8. Transferability. This Restricted Stock is not transferable by the Participant, whether voluntarily, involuntarily or by operation of law or otherwise during the Period of Restriction, except as provided in the Plan. If any assignment, pledge, transfer, or other disposition, voluntary or involuntary, of this Restricted Stock shall be made, or if any attachment, execution, garnishment, or lien shall be issued against or placed upon the Restricted Stock, then the Participant’s right to the Restricted Stock shall immediately cease and terminate.

 

9. Recapitalization. In the event of any merger, reorganization, consolidation, recapitalization, separation, liquidation, stock dividend, split-up, share combination, or other change in the corporate structure of the Company affecting the shares of Restricted Stock, the number of shares of Restricted Stock subject to this


Agreement shall be equitably adjusted by the Compensation Committee to prevent dilution or enlargement of rights.

 

10. Administration. This Agreement and the rights of the Participant hereunder are subject to all of the terms and conditions of the Plan, as the same may be amended from time to time, as well as to such rules and regulations as the Compensation Committee may adopt for administration of the Plan.
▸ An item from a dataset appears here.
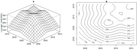 (a) Estimated variance surface of PM2.5 from 1998 to 2016 and (b) the corresponding contour map.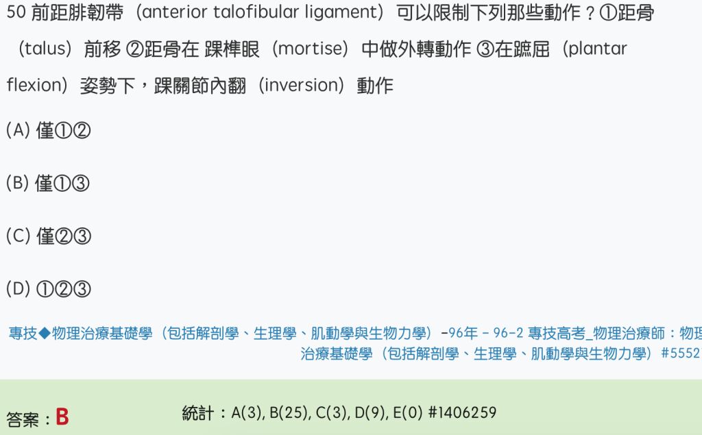 (D)後距腓韌帶(posterior talofibular ligament)最大張力發生在背屈合併內轉

It is expressly understood that the Compensation Committee is authorized to administer, construe and make all determinations necessary or appropriate to the administration of the Plan and this Agreement, all of which shall be binding upon the Participant.

 

11. Miscellaneous.

 

(a) This Agreement shall not confer upon the Participant any right to continuation of employment by the Company; nor shall this Agreement interfere in any way with the Company’s right to terminate his or her employment at any time.

 

(b) With the approval of the Board of Directors, the Compensation Committee may terminate, amend or modify the Plan; provided, however, that no such termination, amendment or modification of the Plan may in any material way adversely affect the Participant’s rights under this Agreement.

 

(c) This Agreement shall be subject to all applicable laws, rules and regulations, and to such approvals by any governmental agencies or national securities exchanges as may be required.

 

(d) To the extent not preempted by federal law, this Agreement shall be governed by, and construed in accordance with, the laws of the State of Delaware.